The long and short of it all is that there is no “personal representative” named in the pleadings filed in this matter to have lodged these proceedings on behalf of the estate of Pemba Keiwa (deceased). Simply put, there is no person or individual as far as I can visualize, standing and laying claim on the deceased’s Pemba Keiwa’s estate.
The question would therefore be, to whom would this court grant leave extending the limitation period sought, to institute suit on behalf of the deceased’s estate? The person who purportedly signed an authority to the 1st applicant is not listed in the pleadings.
In a nutshell, the application touching on the interests of the minor Stancy Letuluo and the deceased Pemba Keiwa cannot stand in law. They are simply incompetent and I proceed to strike them out.

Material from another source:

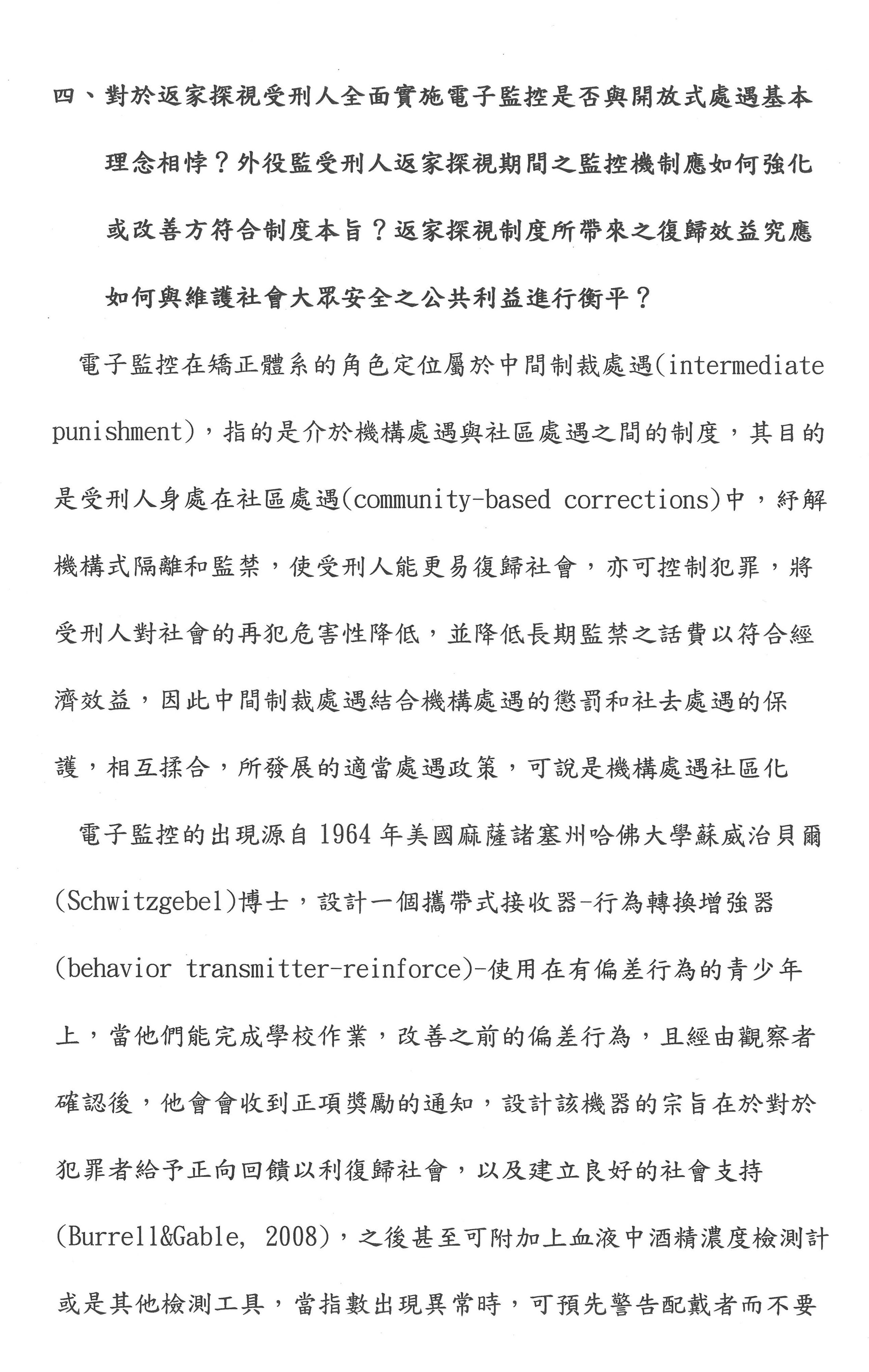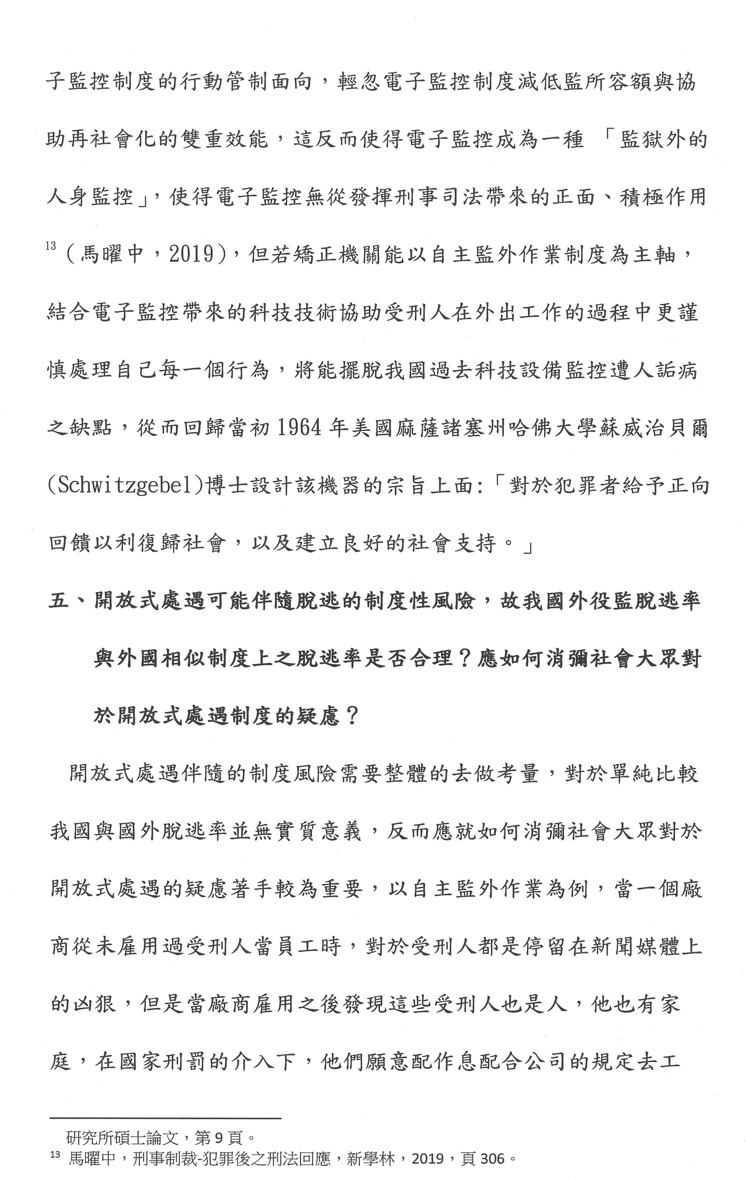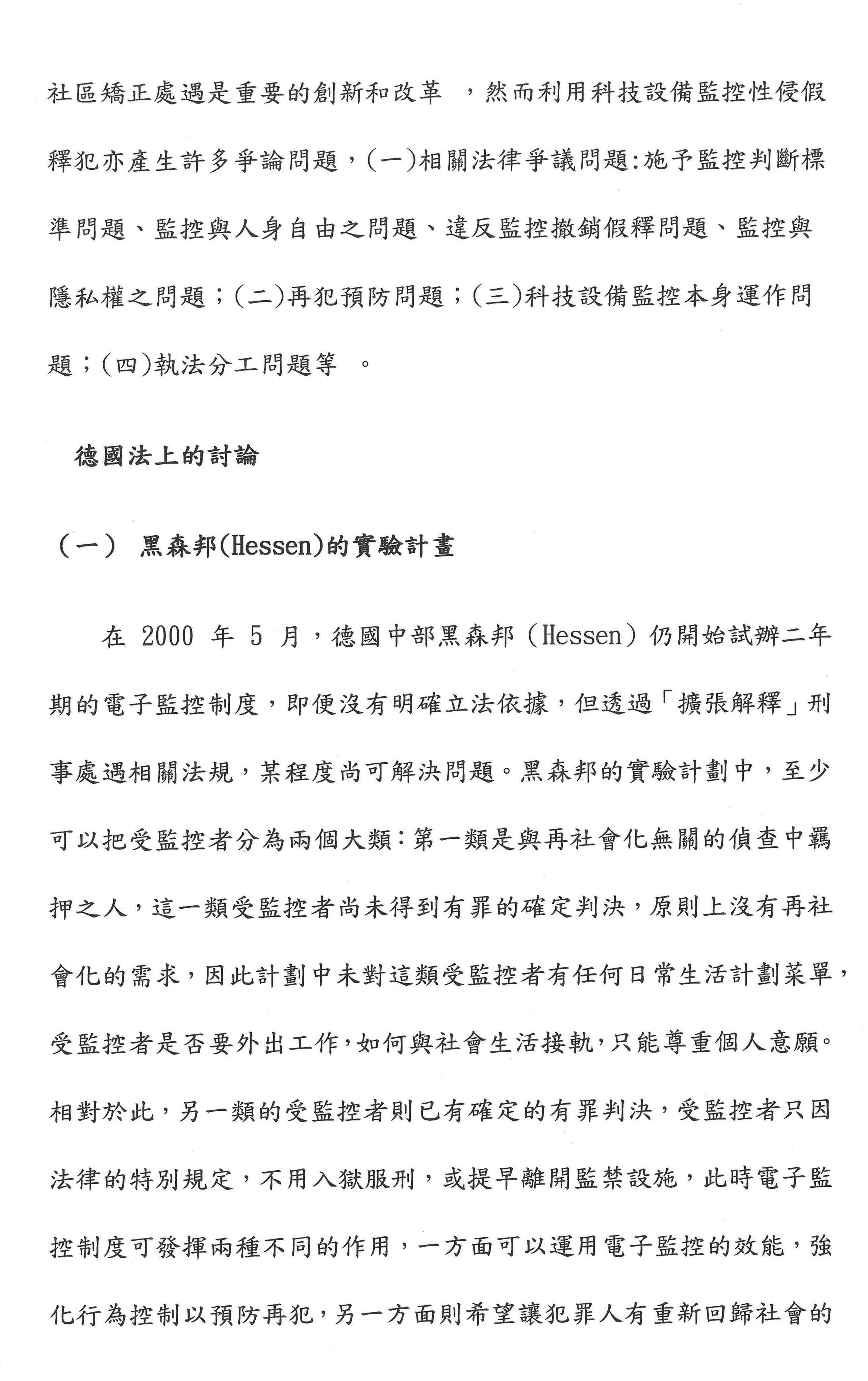 其次,要不要電子監控?依目前臺灣的刑事政策,電子監控只適用於性犯罪者的刑後治療,但是在國外,德國符騰堡裡面用了很多。它是美國設計出來的,他們很多是用在違反保護令,或者緩刑交付保護管束、假釋交付保護管束的人。雖然我們用電子腳鐐進行電子監控,但是第一個,我們可以設計,想想看自由刑易服居家監禁,這部分我們可以用易服的方式取代;第二個,用於釋放前的準備階段,包含假釋交付保護管束的人;第三個就是在開放式機構的人離開監所的時候,我們可不可以用GPS的電子監控系統?如果這三種可以使用的話,就能夠讓監獄不要處於這麼擁擠的狀態。我們剛才所講的開放性監獄其實就是在第三種。我認為電子腳鐐是一種監控的性質,但是在國外成功的方案都是監控加輔導、諮商。剛才有委員提到我們要設計一些心理師、社工師這個部分,我們不是把它框在腳上而已,雖然我們的科技很發達,我們的台積電很厲害,但是我們不是把人當作一個課題在監控而已,我們要給他一個心理的治療。

Nonetheless, the proceedings herein are critical for the determination of the parties rights under the law to ventilate their grievances. It is not in the interest of justice to oust the parties from the seat of justice. The court herein is the temple of justice, and as I sit in that temple as a minister to administer justice, I have inherent unfettered powers to make any such orders as may be necessary for the ends of justice or to prevent abuse of the process of the court. My duty is also to ensure just determination of proceedings and to facilitate the just, expeditious, proportionate and affordable resolution of civil disputes goverened by the Civil Procedure Act as espoused in Sections 3A, 1B and 1A of the Civil Procedure Act. As the application is jointly filed with only one deponent Robert Meleya Ole Letoluo purporting to swear the affidavit on behalf of all the rest including those who have no capacity to sue or to customize such suing or applying as per my exposition above – the minor and deceased, having held that the application touching on the two is incompetent, and having proceeded to strike it out, accordingly, I proceed to strike out the entire originating summons as being incompetent. I exercise my discretion and grant the parties hereto an opportunity and leave to file fresh applications which application shall be filed separately seeking leave for extension of the limitation period to file suits arising out of the material accident pleaded.
Such applications shall be filed within 60 days from the date of this ruling failure to which the order herein striking out the originating summons dated 2nd May 2014 stands undisturbed. This is intended to avoid hardship and prejudice to the parties in any intended future proceedings.
Dated, signed and delivered at Nairobi this 2nd day of December, 2014.